We also each decided to really give it an honest try.  For me, that meant I would get into it with all the enthusiasm I had with JJ or J or S or...... For him, that meant being willing to try some variety and focusing on my pleasure.

So, for the first two weeks, that's how it was - sex every night.  Sometimes more than once. And it was really great sex! My old dog hubby kept thinking that he couldn't do it again for the 4th (5th, 6th, 7th, 8th, 9th, etc...) night in a row, but he did, and quite nicely, I might add. ;-)

We included some play with sex toys, and experimented with different positions. We asked each other what we had liked about sex with our other lovers and we incorporated some of those things into our own lovemaking.

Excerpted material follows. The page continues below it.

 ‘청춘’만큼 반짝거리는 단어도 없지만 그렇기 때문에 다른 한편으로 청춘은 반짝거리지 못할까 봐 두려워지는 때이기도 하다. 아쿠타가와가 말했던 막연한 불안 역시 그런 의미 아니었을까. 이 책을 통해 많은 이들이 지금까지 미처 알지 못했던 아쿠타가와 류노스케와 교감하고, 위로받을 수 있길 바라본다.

The next week, it slowed down a little.  We only had sex on five nights of the seven that week. There were two nights that we both agreed to take a break.  Frankly, I needed a break, things were starting to get a little sore "down there" from all the attention. What a wonderful problem to have, huh? It was during this week that we also started reading to each other in bed (sex books and books about reclaiming your marriage) and talking about what we read.

Over the last 7 days, we've had sex on six nights. On one of them, we had agreed not to, but I changed my mind just as we were about to fall asleep and that kept us up for a couple more hours.

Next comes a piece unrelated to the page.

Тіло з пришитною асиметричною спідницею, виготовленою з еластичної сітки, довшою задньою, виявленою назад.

As the sex got better, lots of other things started turning around, too.  We actually wanted to be around each other more. We started talking more.

It didn't solve all of our problems, though.  Hubby is still too clingy, afraid that I'm going to take off and find another man...and, ultimately, leave him.  He has a reason to be concerned.  I won't leave him., but I have not lost my desire for my honey...or J, or P. or B, or C.....or...... As you can see, PWK is still here and going strong.

A couple of nights ago, we discussed a new "problem" we have.  We need to adjust our "act like we were newly together" plan because the sex now is much better than it was when we were newly together.  Huh? How can that be? Sounds crazy, huh?  I always thought that people were supposed to be on track for divorce when affairs were discovered, but that's not what has happened for us. The man who seemed to have lost interest in me sexually is now pursuing me and is trying as hard as he can to keep me interested in him and not in other men.

Now, we're looking to the future and wondering where it goes from here. You never really know what's going to happen in life, do you?

I'd better get writing.  I have some hot sex posts to write.

5 comments:

Naughty Kitty said...

Good for you! I'm jealous...once again.

Lorelei said...

Fantastic post. It can be hard to find ways to view the people we love and want to be with in the way we initially viewed them. I'm reading a great book now called Mating in Captivity that's a lot about that. Glad that you've been having steamy (and frequent!) sex.

Anonymous said...

I'm glad you posted this; it gives me some ideas as to what I can do to be sexually interested in my husband again.

Anonymous said...

Congrats Kat! You've discovered a part of the truth about the myth that having sex with the same person is like eating the same cracker (or the same flavor of ice cream) forever.

On the contrary, the woman's body is like a musical instrument. One that you can strive to master in all its beauty and glory. The playing never stops, but you continue to get better and better ... :)

Anonymous said...

Very definitely want to follow this now. Having come from an open relationship, I can say that it is possible for that to work, and work very well, if you can trust each other and get over the natural human fear of being replaced. If you can trust each other and remember that it is not and never should be a competition with your other lovers, an open relationship can be very rewarding. If you allow it to become a competition with your partner's other lovers, you're doomed.